In the world of best-selling authors, Aiden Ruskin is at the top for the fifth year in a row. He has everything he wanted from life – a nice house, an insanely expensive sports car, world-wide recognition and legions of adoring fans. The only thing he lacks is a life, but that’s the price he’s accepted – until now.
Starring down the gauntlet of the sixth book in a series he never wanted to write, Aiden is tempted to give it all up and walk away. Better yet, run. But the voices just won’t let him. And the more people ask where the ideas come from, the more Aiden has to face that they might not be coming from within him. Then comes the worst day of his life – the day the voices stop – and Aiden has to figure out who he is without them. And what he’ll sacrifice this time to make them come back…
The Main Characters:
Aiden Ruskin (MMC): A past athlete and current desk-jockey, he had a face that had been unmemorable in the gauntness of youth and now was being pushed into complete anonymity by budding fleshiness. His glasses were what that drew the eye – thick black frames supported by a thin nose, under weathered cedar hair. Without them he passed without notice; with them the eye was at least drawn to parse the features behind them. Usually the observer was disappointed to not find an adult Harry Potter, but at least an attempt at identification had been made.

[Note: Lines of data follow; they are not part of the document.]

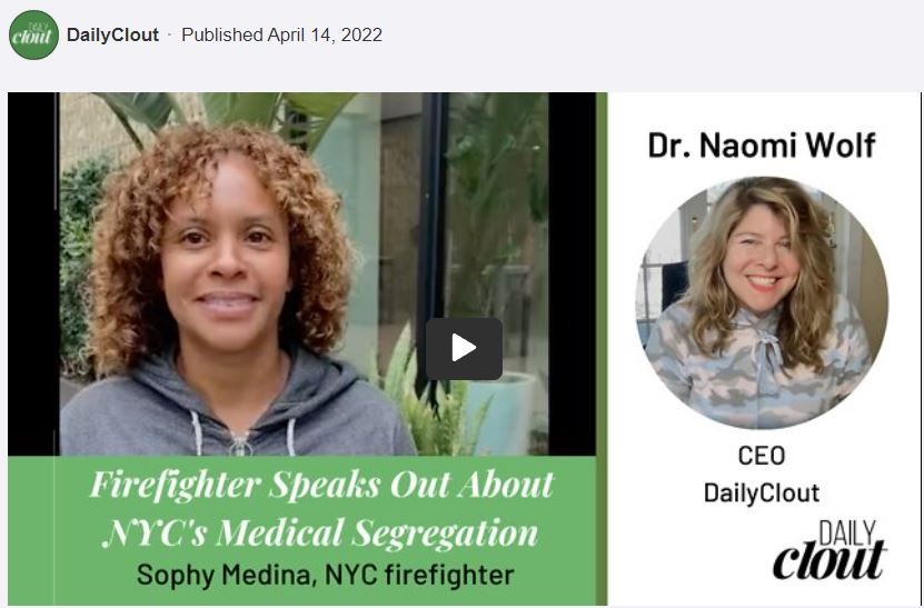 In this video, Dr. Naomi Wolf interviews New York Firefighter, Sophy Medina, about New York State’s treatment of front line workers. While Medina risked her life everyday on the job, her employment was terminated as soon as she provided an exemption to receiving the vaccine. The NYC Fire Department claimed that her exemption would “cause undo hardship.”
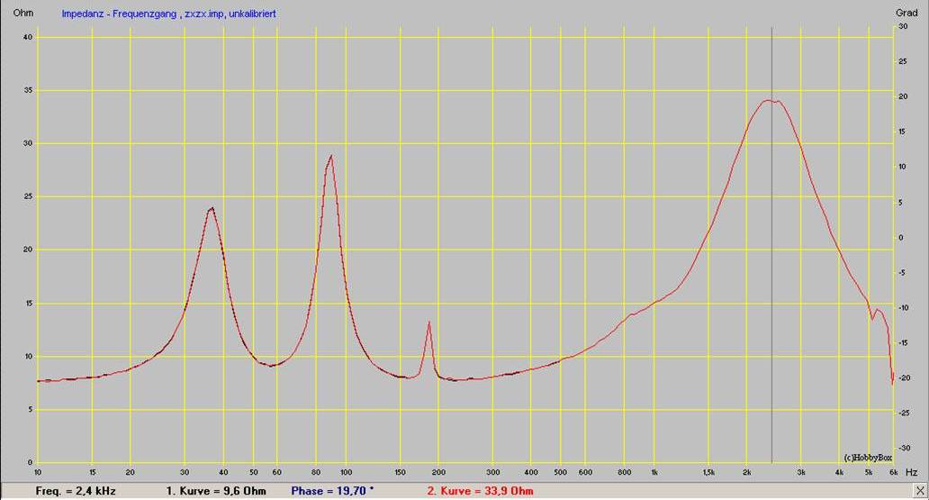 Bawiąc się z ciekawości programem Hobbybox zrobiłem pomiar impedancji kolumny.
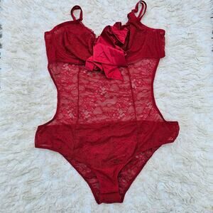 Red Lace Bodysuit Torrid Curve Plus Size 2x Stretch Underwire Negligee Sexy Bow

Holmes (MC-cat): At first you think it’s a battered Tijuana souvenir, or one of those tacky yet surprisingly lifelike Sandicast statues from the 90’s. There is a flat, dead quality to the striped orange pelt, irregular gaps and tufts of white scattered among the ginger helping the overall impression of battered clay. And yet the jut of bones that distort the fur and the unmistakable smell of halitosis and poor digestion makes you turn to the man behind the desk and ask “Is your cat OK?”
Bet Lindberg (FMC-fictional character): Her makeup was applied like war-paint – not thickly but with precision and purpose. Mascara and black eye-shadow circled sapphire eyes. Black lipstick hid the natural color of her lips, but not their fullness. The rest of her features were naked, but cosmetics were not needed to accentuate the narrow nose and delicate chin. But the impression that she could have been a beauty-queen like her mother ended at her hairline, where a mess of scars and indentations were fully exposed by a carefully shaved scalp. Her black-rooted pink-tipped mohawk arched deliberately away from the old wound – a hairstyle her therapist had definite opinions about.